Our gullibility is charming at times, and often funny. Enter, 2012, The Movie. I've been successfully ignoring it but finally succumbed to Burl Burlingame's debunking article Doomsday denied in the Honolulu Star Bulletin.
If you haven't been shopping for crystals lately, the Mayan calendar ends in 2012 (on our calendar). Presumably, so do we.
Was that story really necessary? Well, yes, apparently it was. Google it if you must, but there are as many references to 2012 as, uh, as there are stars you can see from our little planet. According to Burlingame, "the filmmakers have also created Web sites that pretend to be legitimately scientific, something that has real scientists somewhat annoyed."
I'd provide a couple of links, but that would just be driving traffic to those sites. My reasoning was similar when I decided not to write about Ben Stein's loopy Creationism catechisms; I stopped using the Drudge Report to follow news sources when I was reminded that I was enabling his looniness by building his numbers.
In a nice touch, one source refers to The Hitchhiker's Guide to the Galaxy, which pretty much sums up my feelings: we're pretty insignificant, emphasize the small 'i'. Our calendars are constructs, like our languages and very much rooted to place. Our 'time' is tied to the earth's rotation period, which isn't fixed.

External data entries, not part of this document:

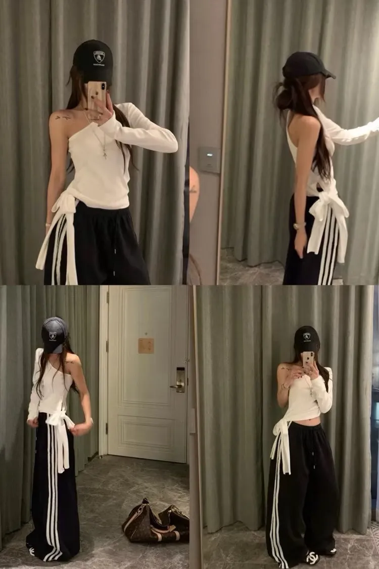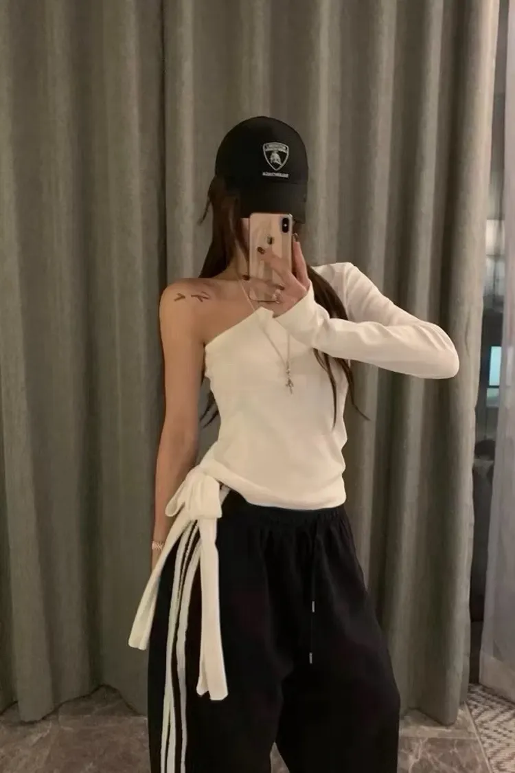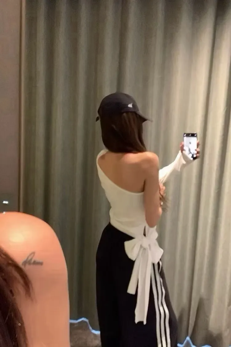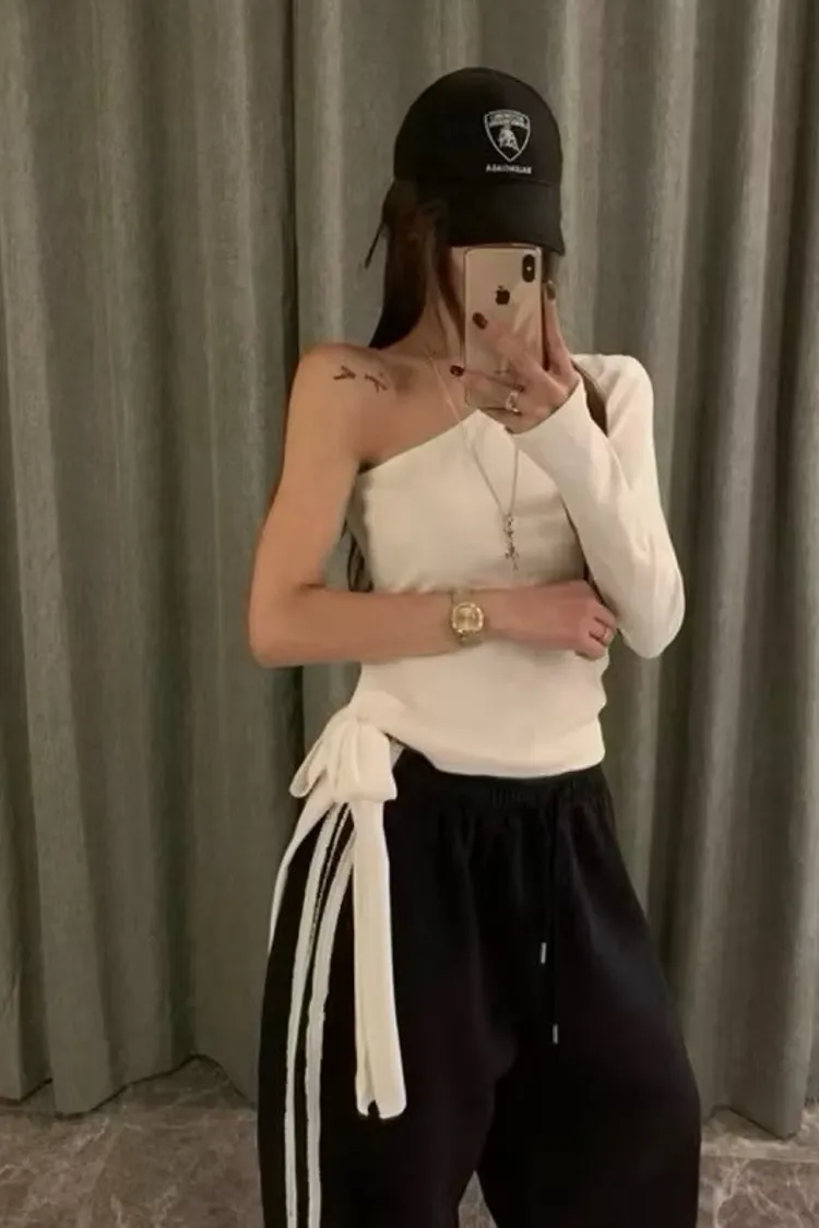 微性感斜肩側綁結上衣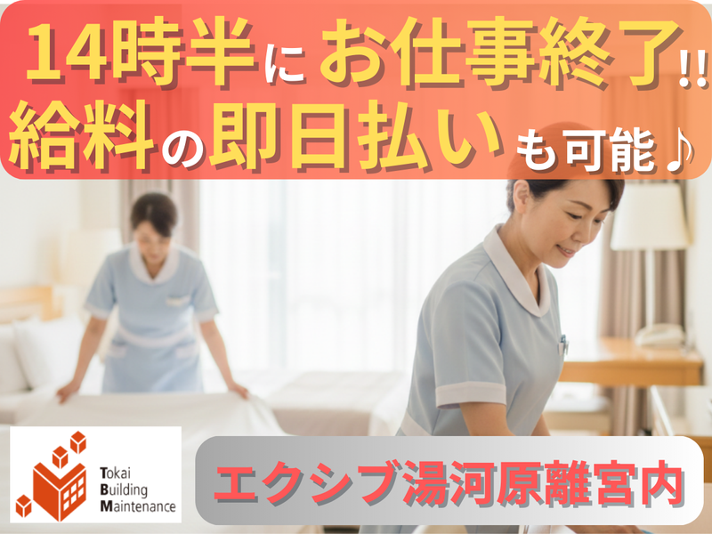 10時~14時半・日払いOK・湯河原駅から無料送迎の客室清掃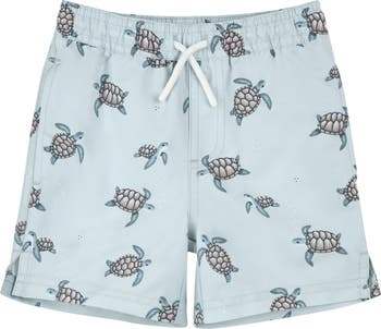 Sea turtles swim across these comfy quick-drying swim trunks designed for hours of play in sand or sea.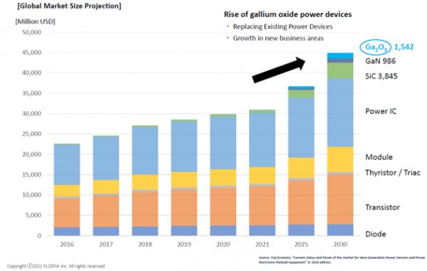 全球功率器件市场和氧化镓功率器件市场规模(百万美元),来源:FLOSFIA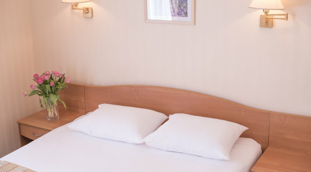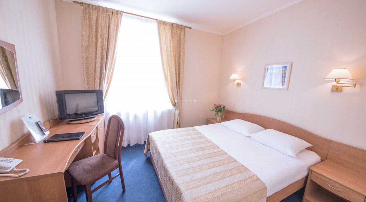 Останавливались на три ночи (три человека), в четырехместном номере. Удобства (душ, туалет, гладильная доска и утюг) на этаже. Есть кулер с горячей-холодной водой (на этаже). Завтрак (шведский стол) можно оплатить вместе с проживанием, чем мы и воспользовались, что бы с утра не разыскивать где бы поесть. В целом, отель хорошо справляется на свои две звёздочки. Постель удобная и чистая, завтрак хороший. Если уж очень придраться, то это старая мебель и негде сушить вещи (эту проблему нам помогли решить горничные). Пожалуй всё. В отеле много детей, но они нам совершенно не мешали). Для непритязательных туристов отель рекомендую.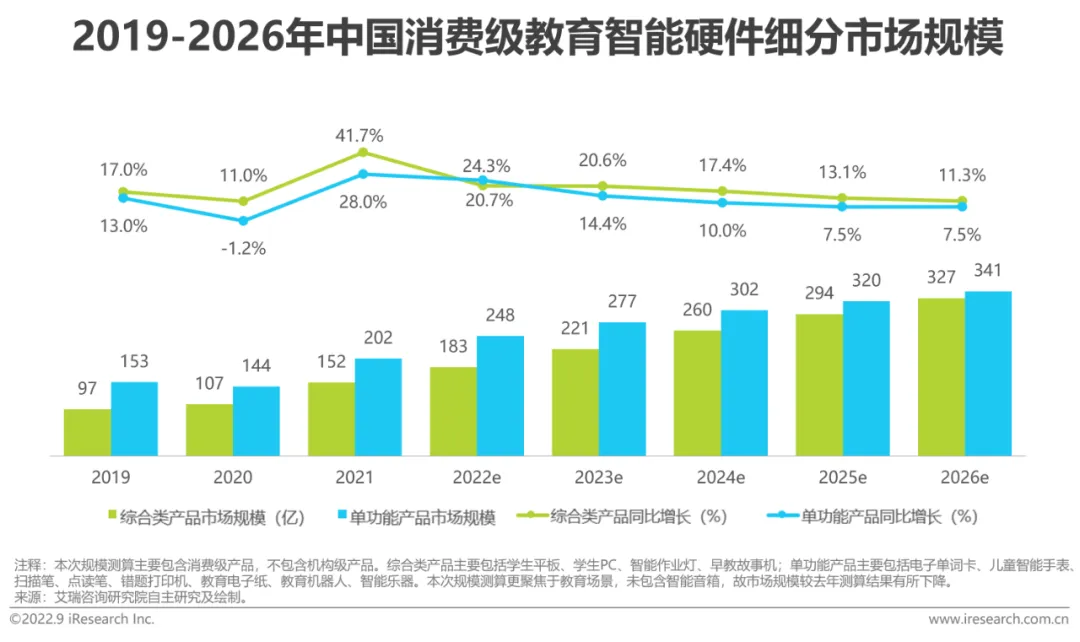 在教育数字化改革的时代背景下,教育智能硬件是必要的工具和载体。一方面,其作为教学资源终端,可实时为每个用户提供教学内容和服务,助力实现规模化教育。另一方面,其作为数据融通的个人终端,依托大数据分析技术,可成为最懂学生的智能终端,助力每个学生的个性化培养。规模化与个性化的结合,使得教育智能硬件或成为教育数字化发展的标配。根据功能丰富程度的不同,可将教育智能硬件分为综合类和单功能类产品。综合类产品如学生平板,可实现单个学生为中心的学情数据融通,更有助于实现因材施教。单功能产品如扫描笔,产品功能更加精简和聚焦,可在扫描识别领域做到极致的使用体验。综合类与单功能类各有其核心优势,未来或将长期并存。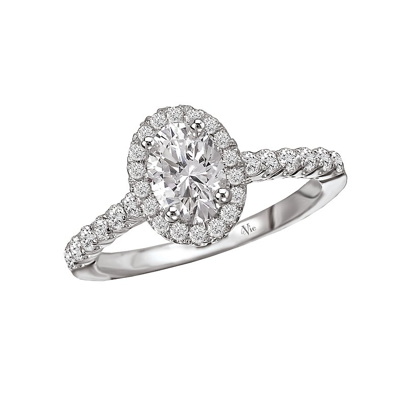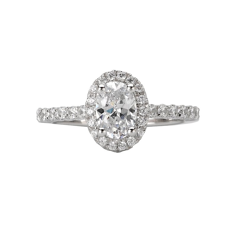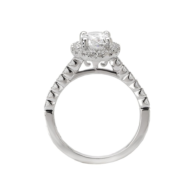 Oval Halo Diamond Ring in 14kt White Gold. (D.1/3 carat total weight) This item is a SEMI-MOUNT and it comes with NO CENTER STONE as shown but it will accommodate a 7.5x5.5mm oval center stone.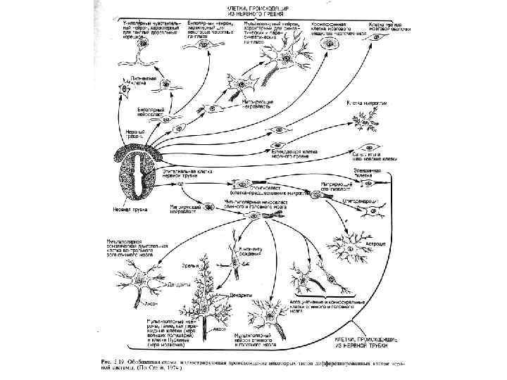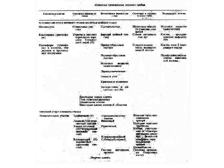 Рис 13. 1. Клетки нервного гребня в краниальном отделе мигрируют в жаберные дуги и лицевой отдел и формируют кости и хрящи лица и шеи. Они образуют также пигментные клетки и черепные нервы. Шейный (сомиты 1 -7) и крестцовый (после сомита 28) отделы материала нервного гребня образуют парасиматические нервы кишечника. Клетки нервного гребня на уровне сомитов 1 -3 образуют производные в области сердца. Клетки нервного гребня туловища (сомиты 7 и далее) образуют симпатические ганглии и ганглии дорсальных корешков. Часть из них (сомиты 18 -24) дают клетки коры надпочечников.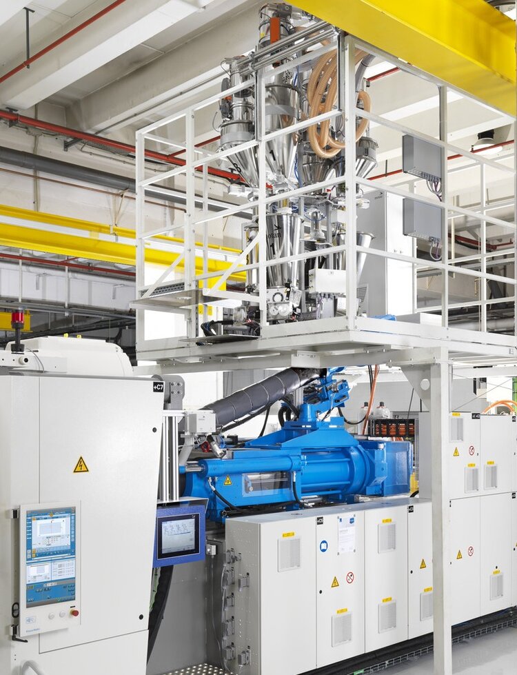 With Direct Compounding Injection Molding (DCIM), an additional extruder with a single screw is adapted to a standard injection molding machine and enables the direct compounding of thermoplastics in an inline process. This allows material costs to be significantly reduced, in-house formulation expertise to be built up and a significantly reduced CO2 footprint to be achieved.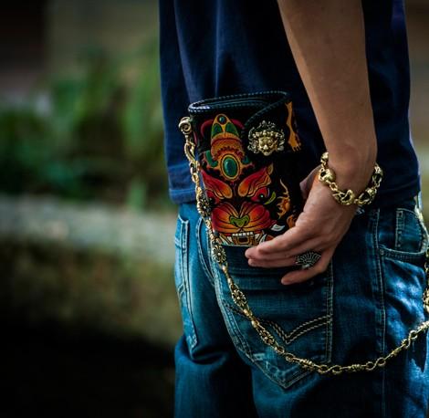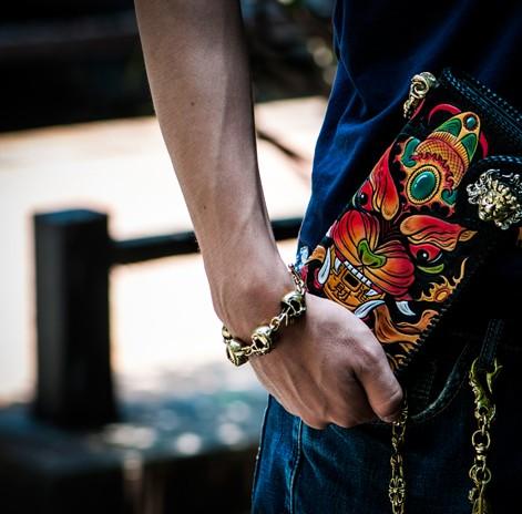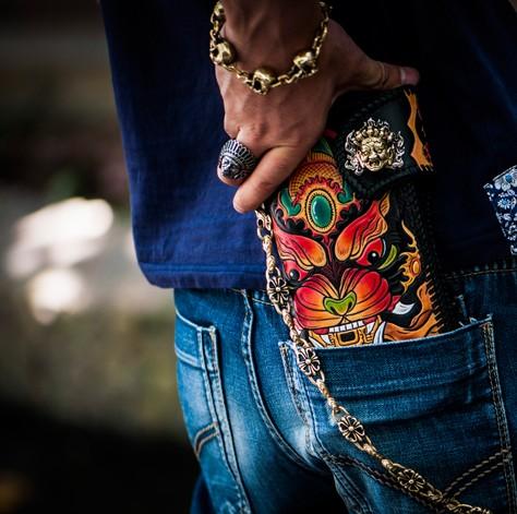 Style: Handmade Leather Monster Mens Chain Biker Wallet Cool Leather Wallet Long Phone Wallets for Men

So I don't buy into specie-ific fixations on our little planet in a universe that is incomprehensible to us. Then again, we're tethered to it. If it goes, well, "so it goes".
Or, gee, maybe 2012 is when we finally enter the Age of Aquarius, though that sounds fishy to me.
* I happened to think of Ulysses, probably my favorite book, about 20 minutes before I found this article. Sigh, haven't read it in a century, though.